The above code returns the next outcome:

Paperwork with title 'jane':
title: jane, electronic mail: (electronic mail protected)

Conclusion

Apache Lucene is a strong search library that permits the event of high-performance search functions. With the introduction of Lucene 9.9, vital enhancements to question analysis, vector search, and different options have improved its capabilities. All through this information, we cowl the basic elements of Lucene, how indexers and search engines like google work, and how you can create a easy search utility in Java. Moreover, we discover the several types of search queries supported by Lucene. Armed with this data, it is best to now really feel assured in your understanding of Lucene and be ready to create extra superior search functions utilizing its highly effective options.

Key takeaways

Apache Lucene is a robust Java library that may carry out super-fast full-text searches.
Lucene helps a number of varieties of queries that go well with totally different search use circumstances.
Lucene types the spine of a number of high-performance search functions like Elasticsearch, Solr, Nrtsearch, and so forth.
Lucene IndexWriter and IndexSearcher are vital courses that allow quick indexing and looking out.

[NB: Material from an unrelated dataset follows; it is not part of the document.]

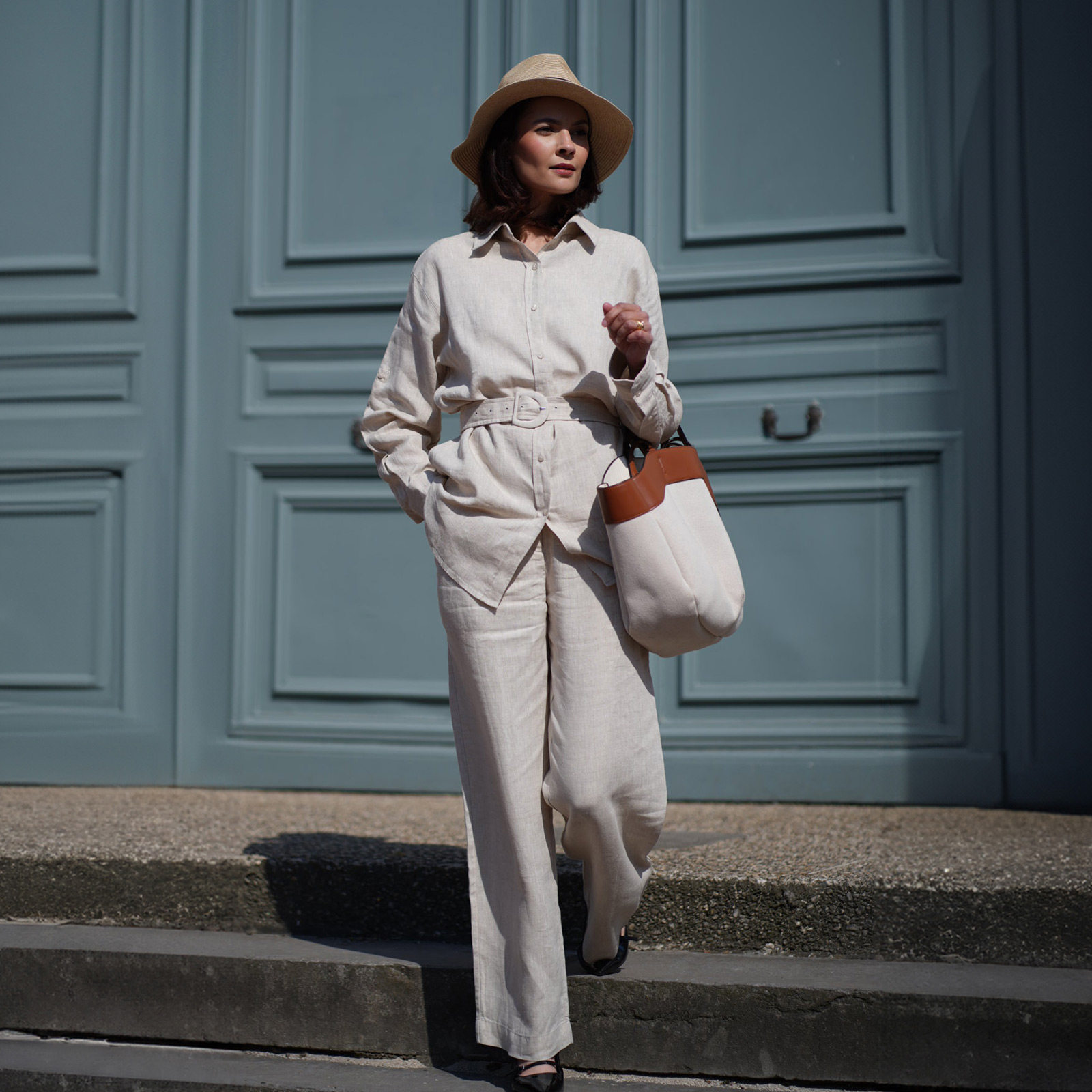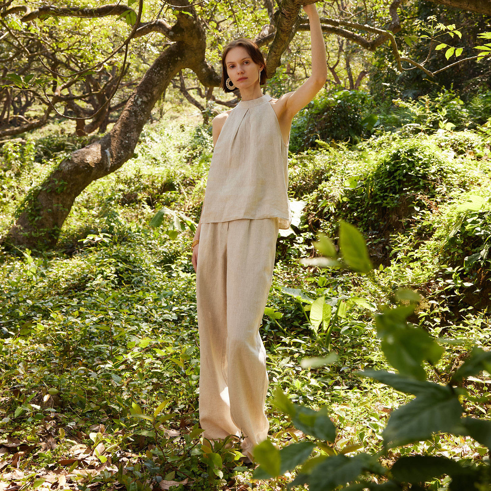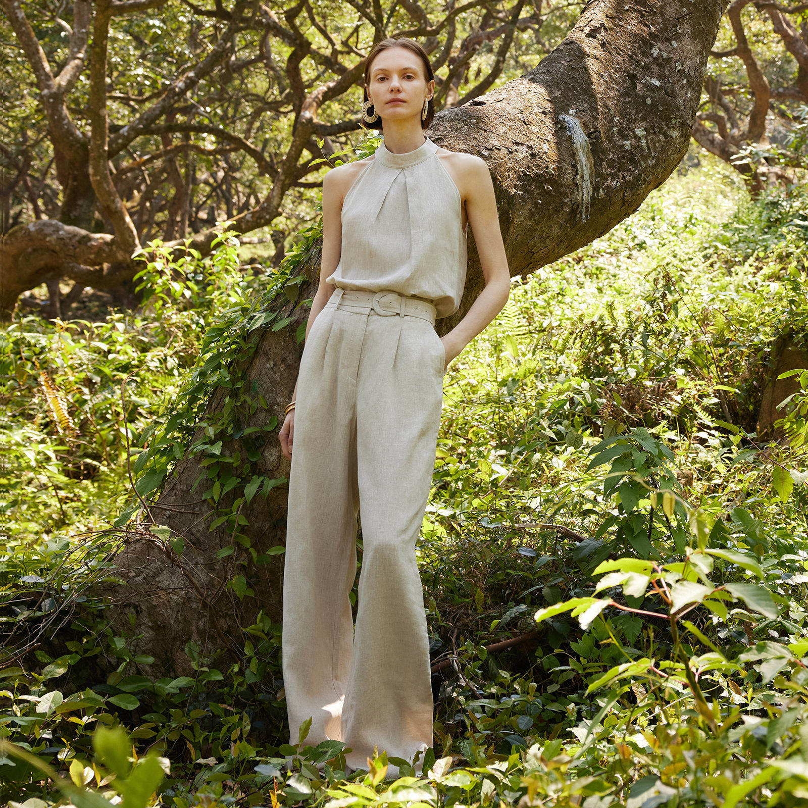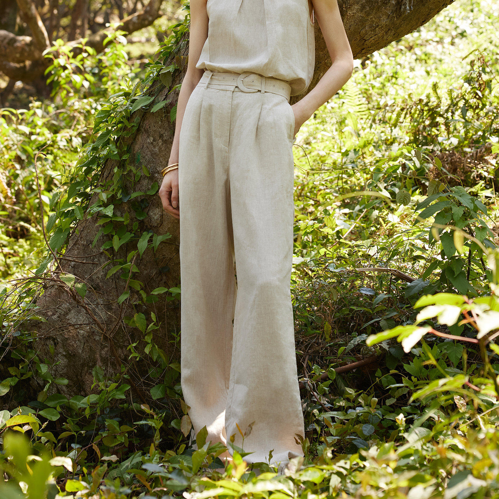 歌莉娅夏季通勤高腰直筒亚麻长裤

Ceaselessly requested questions

q1. Does Lucene assist Python?

A. Sure, Apache Lucene has a PyLucene undertaking that helps Python search functions.

q2. What are the totally different open supply search engines like google obtainable?

A. Some open supply search engines like google embody Solr, Open Search, Meilisearch, Swirl, and so forth.

q3. Does Lucene assist semantic and vector search?

A. Sure, it does. Nevertheless, the utmost dimensions for vector fields are restricted to 1024, a quantity that’s anticipated to extend sooner or later.

q4. What are the totally different relevance scoring algorithms?

A. A few of them embody Time period Frequency Inverse Doc Frequency (TF-IDF), Greatest Match 25 (BM25), Latent Semantic Evaluation (LSA), Vector Area Fashions (VSM), and so forth.

q5. What are some examples of complicated queries supported by Lucene?

A. Some examples of complicated queries embody fuzzy queries, extension queries, multi-phrase queries, common expression queries, and so forth.

The media proven on this article will not be the property of Analytics Vidhya and is used on the writer’s discretion.